WHAT THE TASK REQUIRES -> The first line of the entries and each line after it, through the one that contains "1、将鸡蛋炒散,接着把焯过水的芦笋和海鲜菇倒入锅中,与炒散的鸡蛋混合", are to be duplicated exactly; no picture belongs in the copy.

[Data records]
[Start of Attachment]
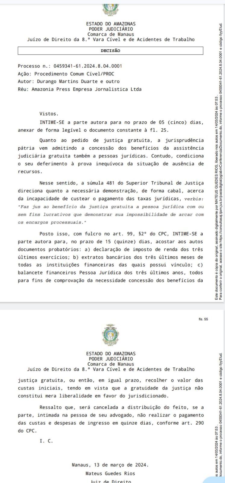 Inicialmente, a Justiça de primeira instância negou o pedido de Duarte para remover a matéria, que alegava que a empresa dele de publicidade, a iMarketing, havia sido ‘presenteada’ com licitações públicas que somavam R$ 25 milhões. Insatisfeito, Duarte recorreu, solicitando a revisão da sentença e o deferimento da justiça gratuita, alegando não ter condições financeiras para arcar com as custas processuais.
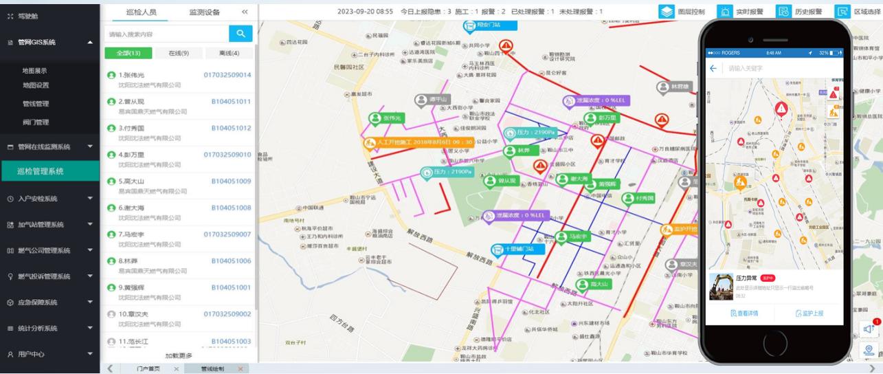 一張圖顯示管網(wǎng)、監(jiān)測設(shè)備、巡檢人員、存在隱患情況、 施工情況等信息,隨時(shí)抽查巡檢數(shù)據(jù),提高巡檢質(zhì)量。
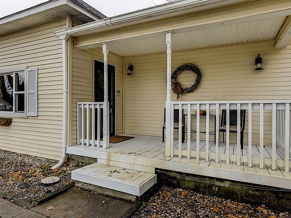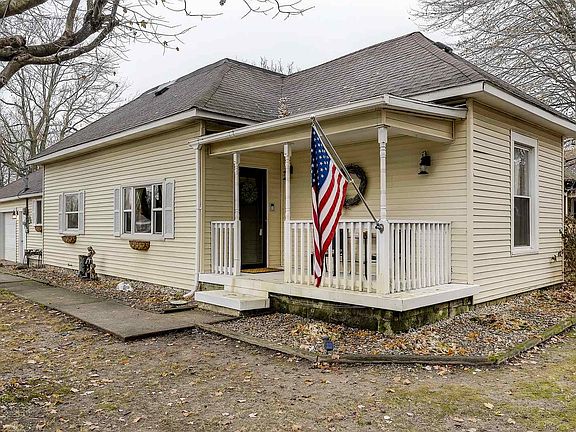 Cozy on Carter Street! Quaint and on a corner lot...this is the small-town American dream. Offering a slower pace, work-life balance and quality education, you will love living in Russiaville, Indiana. Old Glory greets you as you step up the covered front porch with classic spindle posts. Step into the tiled entryway and into your home sweet home with three bedrooms, one bathroom, 1,243 square feet, two-car attached garages and all located on an easy-to-maintain lot in Western Schools. Home features a long Living Room that could also be used as a Great Room. A pass through window connects the Living Room to the fully updated Kitchen with all new appliances! Kitchen offers eat-in area and sliding glass door to the covered back deck with cedar posts and new roof, backyard and fire pit area. Updates include the full bathroom, kitchen, stainless steel appliances and new front door. Roof and windows less than ten years young. Shiplap, subway tile, butcher block countertops, wood tones in the floors and a neutral paint palette give this home an updated farmhouse feel with old-school charm and modern amenities. Celebrate your cozy Christmas here! Let's get you moved in before the holidays!
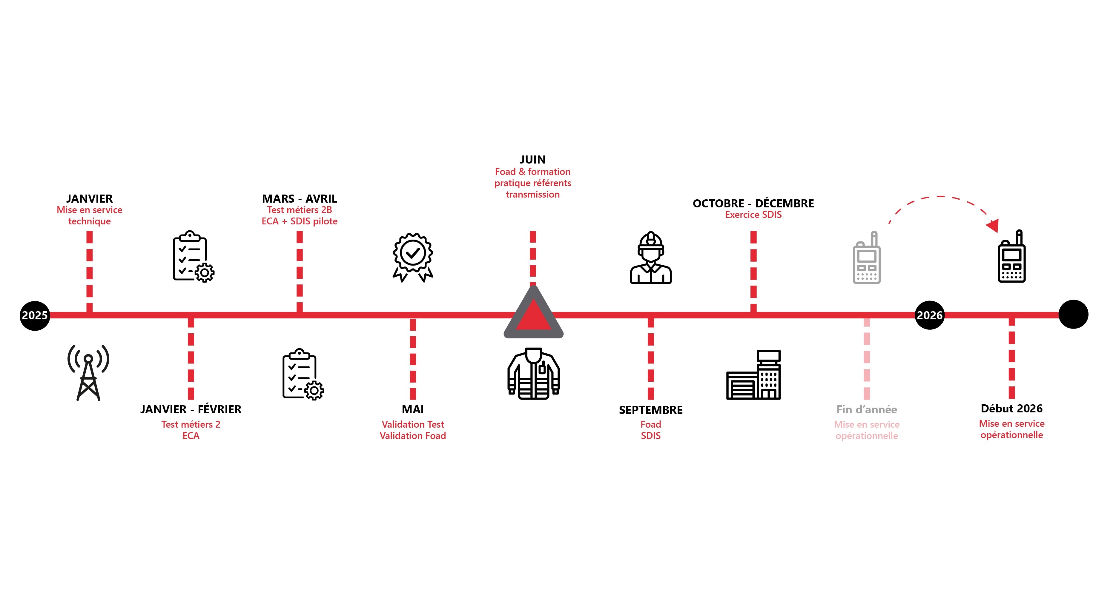 Après les tests avec les SDIS pilotes et la formation des référents transmission, le déploiement de la DMR dans l’ensemble des SDIS se poursuit. Afin de garantir de meilleures disponibilités de créneaux de formation et des conditions optimales de réussite pour tous, la durée initialement prévue pour la formation finale sera prolongée.
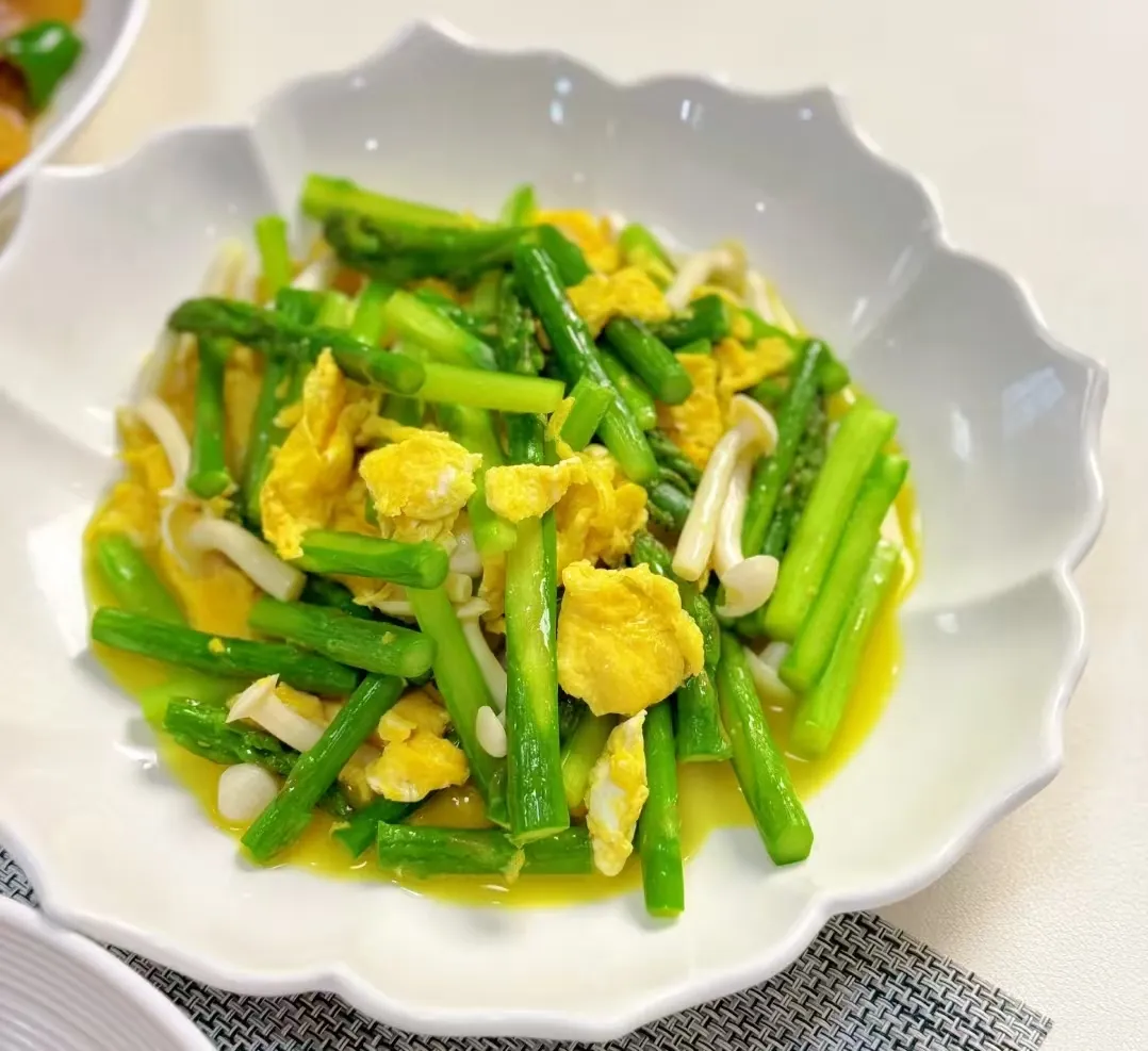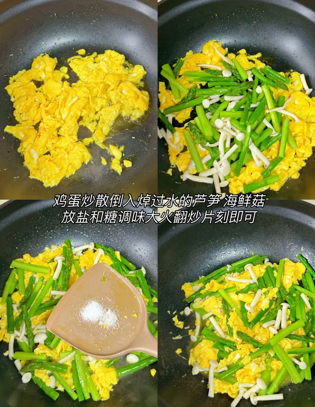 1、将鸡蛋炒散,接着把焯过水的芦笋和海鲜菇倒入锅中,与炒散的鸡蛋混合
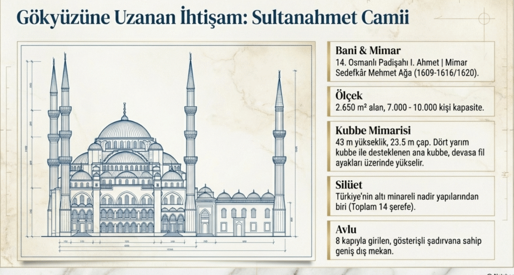 Sultanahmet- Atmeydanı’nda, Ayasofya Kilise- Müze- Cami’nin karşısına yer alan cami, 14. Osmanlı Padişahı Sultan I. Ahmet tarafından, 1609-1616-1620 yılları arasında medrese, darülkurra, sıbyan mektebi, türbe, arasta, dükkânlar, hamam, darüşşifa, imaret ve üç sebil ile birlikte Mimar Sedefkâr Mehmet Ağa’ya yaptırılan yapıdan günümüze sadece cami, medrese ve türbe kısımları kalmıştır.
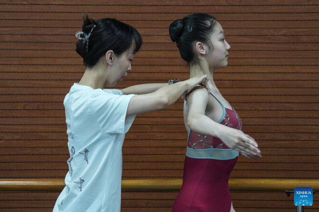A teacher corrects the posture of a student at a ballet school affiliated to Liaoning Ballet in Shenyang, northeast China's Liaoning Province, May 30, 2023. Founded in 1994, the ballet school affiliated to Liaoning Ballet is a major professional ballet training base in China.
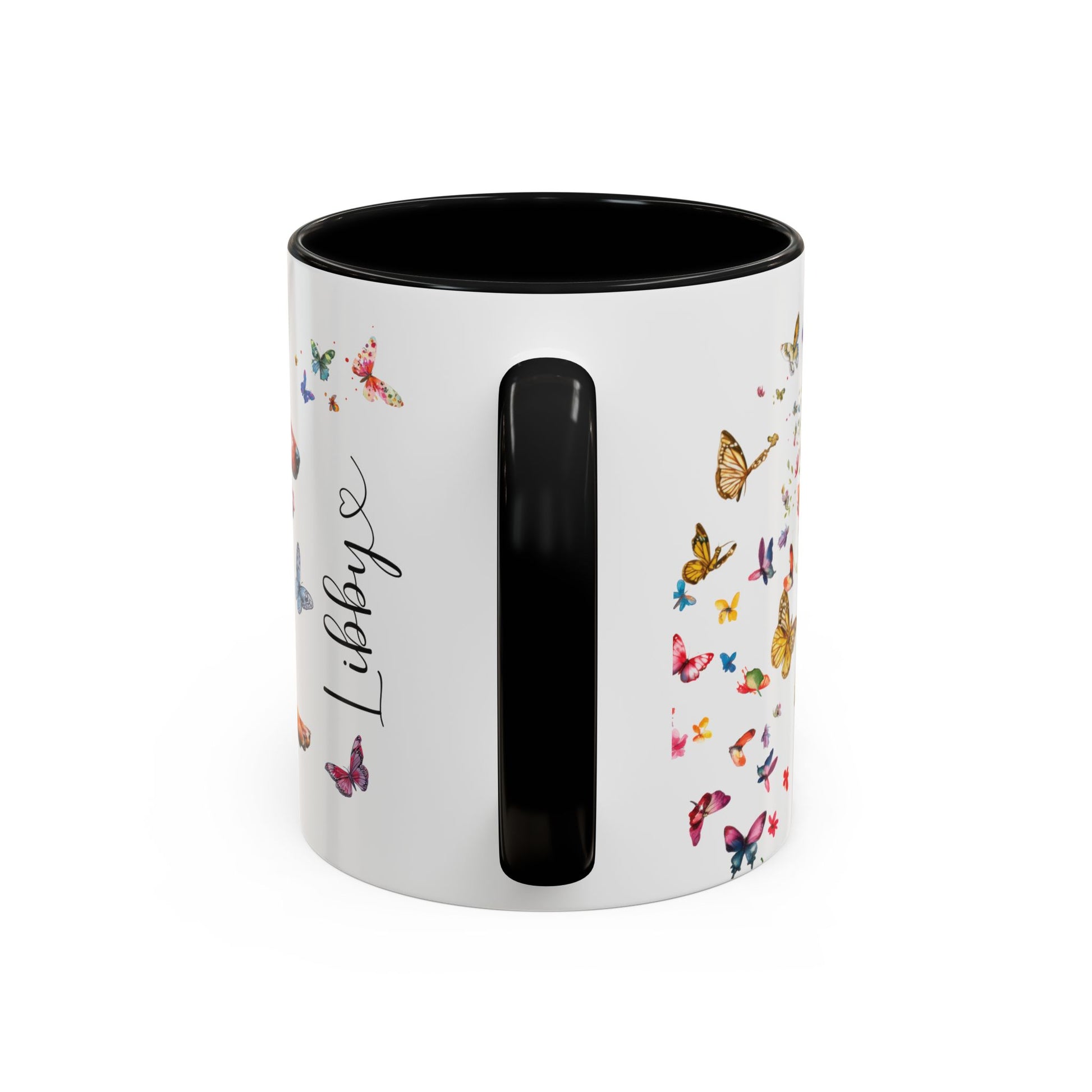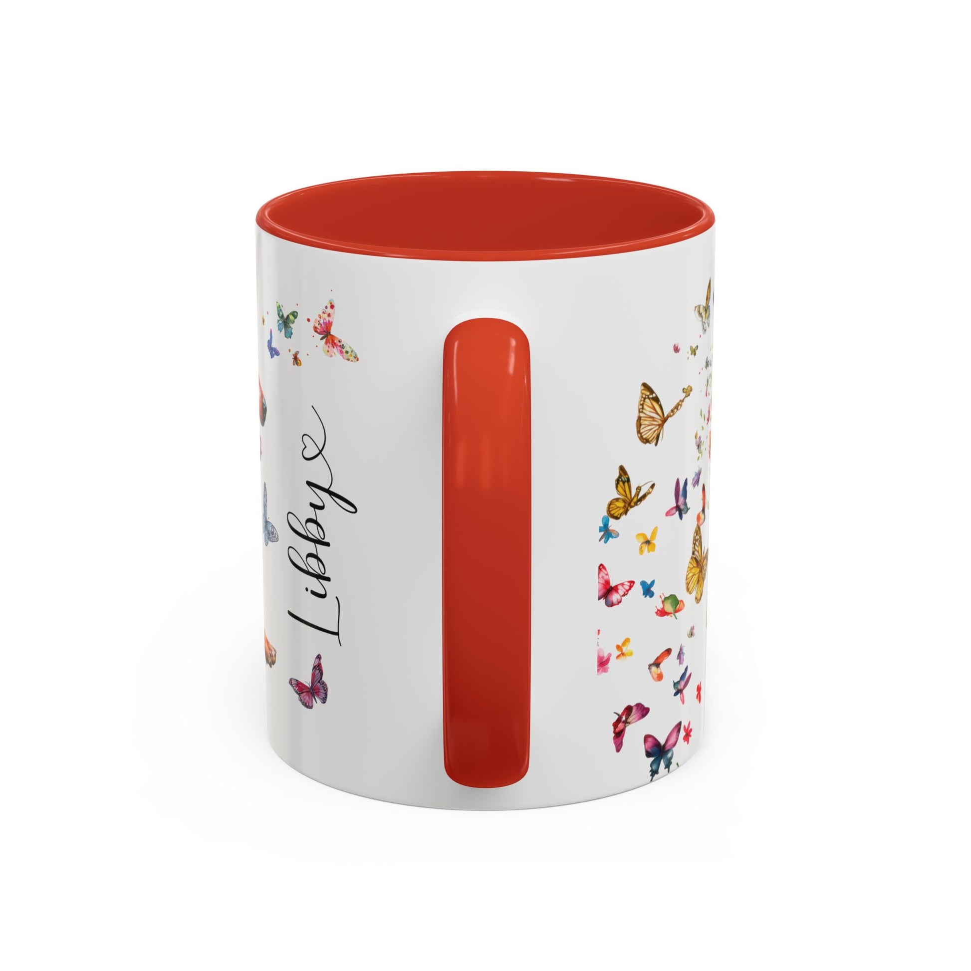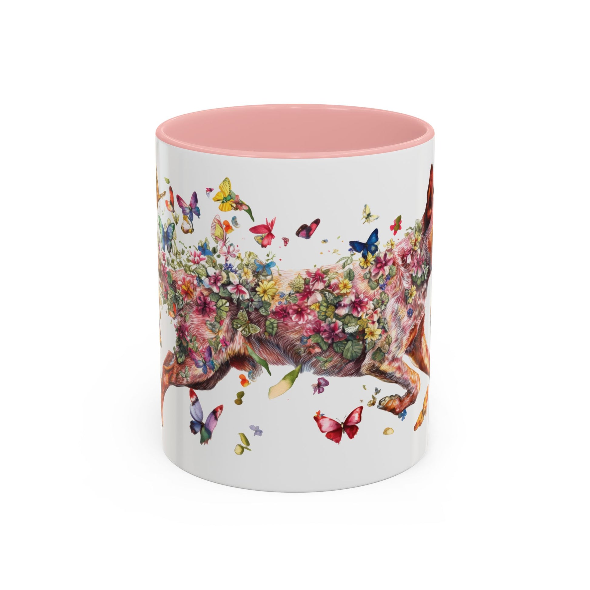Personalised Red Heeler butterfly ceramic coffee mug, 11oz. Customise with either your name or your Red Heeler's name.
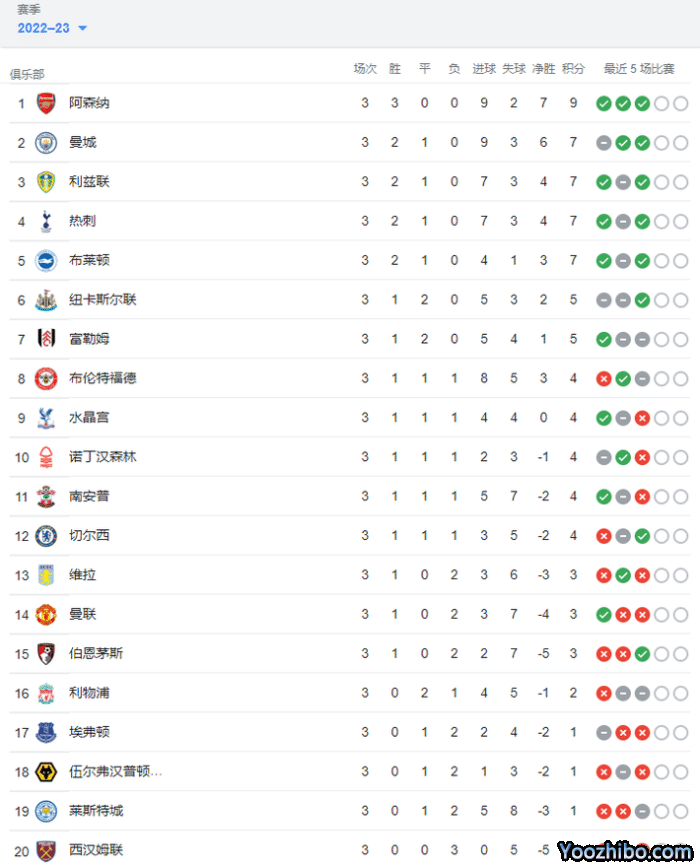 阿森纳现在9分排名第一,曼城7分排名第二,利兹联7分第三,热刺7分第四,切尔西4分第12。
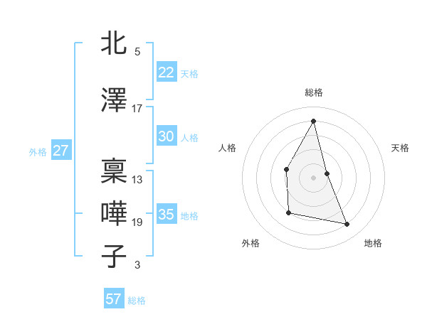 北澤 稟嘩子さんを姓名の画数から五運を鑑定
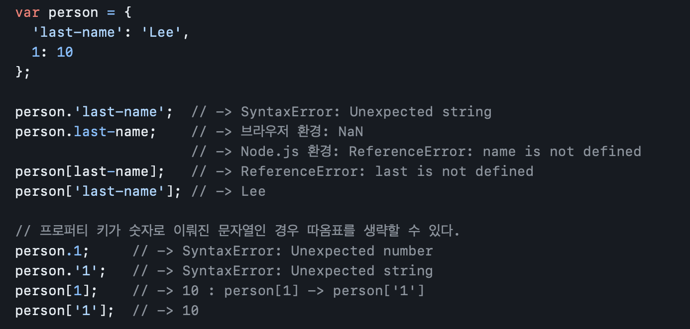 **b) 프로퍼티 키가 ```식별자 네이밍 규칙을 준수하지 않는``` 이름이면 반드시 대괄호 표기법을 사용해야 한다.**
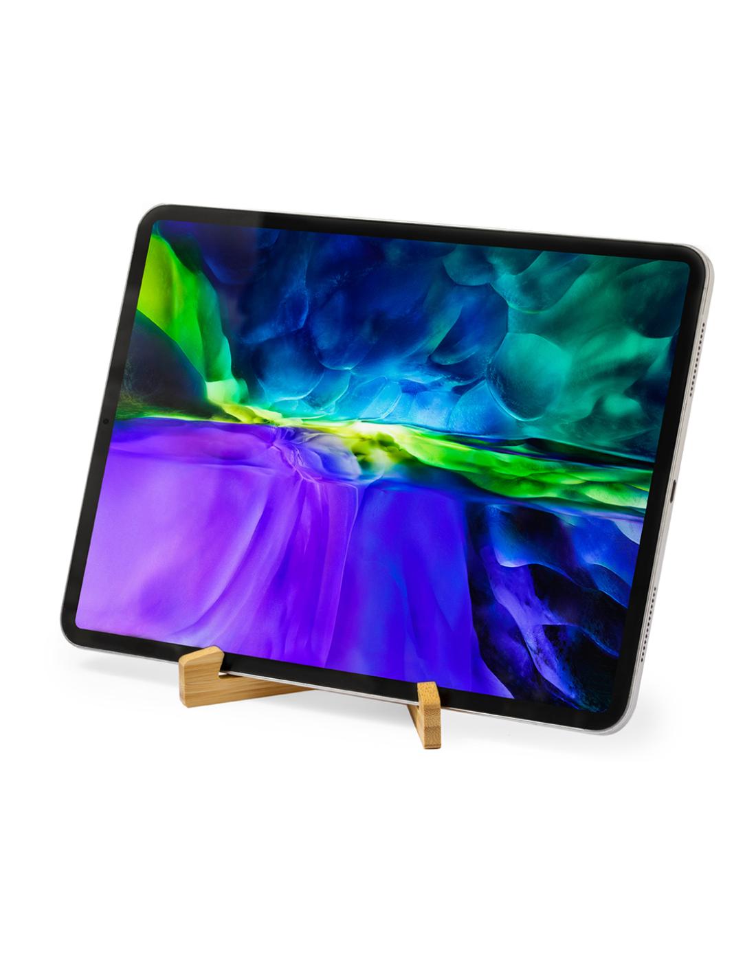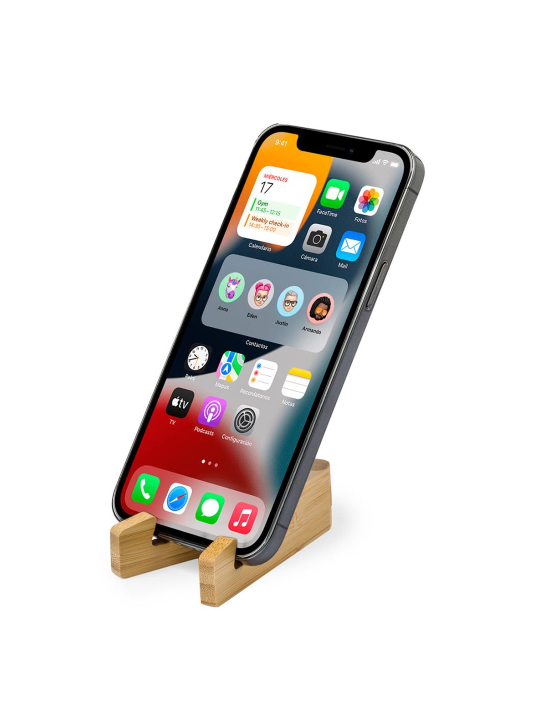 Soporte plegable para dispositivo móvil fabricado en resistente bambú. Con patas ajustables y presentado individualmente en bolsa de papel reciclado. Materiales como el bambú fomentan la utilización de materias primas naturales, reduciendo las emisiones contaminantes. Proviene de una planta de gran resistencia y versatilidad, con crecimiento y regeneración rápidos, siendo una excelente alternativa al uso de madera tradicional.
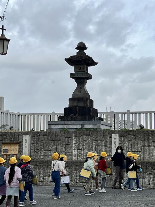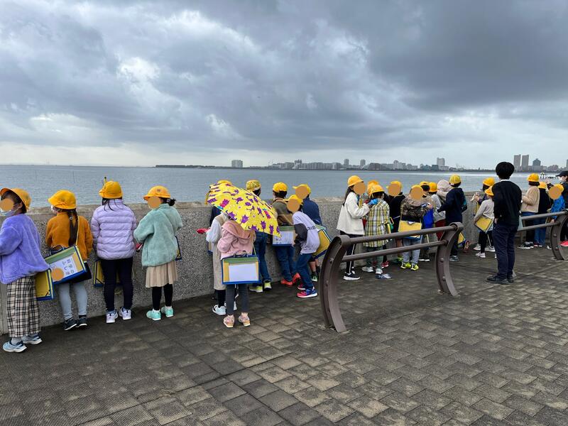 8:50 出発する頃にちらちらと降り出した雨。今日の行程は、行徳港、常夜灯、現代産業科学館、歴史博物館です。主に社会科学習に生かします。
[End of Attachment]
REPLY ->
 Inicialmente, a Justiça de primeira instância negou o pedido de Duarte para remover a matéria, que alegava que a empresa dele de publicidade, a iMarketing, havia sido ‘presenteada’ com licitações públicas que somavam R$ 25 milhões. Insatisfeito, Duarte recorreu, solicitando a revisão da sentença e o deferimento da justiça gratuita, alegando não ter condições financeiras para arcar com as custas processuais.
 一張圖顯示管網(wǎng)、監(jiān)測設(shè)備、巡檢人員、存在隱患情況、 施工情況等信息,隨時(shí)抽查巡檢數(shù)據(jù),提高巡檢質(zhì)量。
 Cozy on Carter Street! Quaint and on a corner lot...this is the small-town American dream. Offering a slower pace, work-life balance and quality education, you will love living in Russiaville, Indiana. Old Glory greets you as you step up the covered front porch with classic spindle posts. Step into the tiled entryway and into your home sweet home with three bedrooms, one bathroom, 1,243 square feet, two-car attached garages and all located on an easy-to-maintain lot in Western Schools. Home features a long Living Room that could also be used as a Great Room. A pass through window connects the Living Room to the fully updated Kitchen with all new appliances! Kitchen offers eat-in area and sliding glass door to the covered back deck with cedar posts and new roof, backyard and fire pit area. Updates include the full bathroom, kitchen, stainless steel appliances and new front door. Roof and windows less than ten years young. Shiplap, subway tile, butcher block countertops, wood tones in the floors and a neutral paint palette give this home an updated farmhouse feel with old-school charm and modern amenities. Celebrate your cozy Christmas here! Let's get you moved in before the holidays!
 Après les tests avec les SDIS pilotes et la formation des référents transmission, le déploiement de la DMR dans l’ensemble des SDIS se poursuit. Afin de garantir de meilleures disponibilités de créneaux de formation et des conditions optimales de réussite pour tous, la durée initialement prévue pour la formation finale sera prolongée.
 1、将鸡蛋炒散,接着把焯过水的芦笋和海鲜菇倒入锅中,与炒散的鸡蛋混合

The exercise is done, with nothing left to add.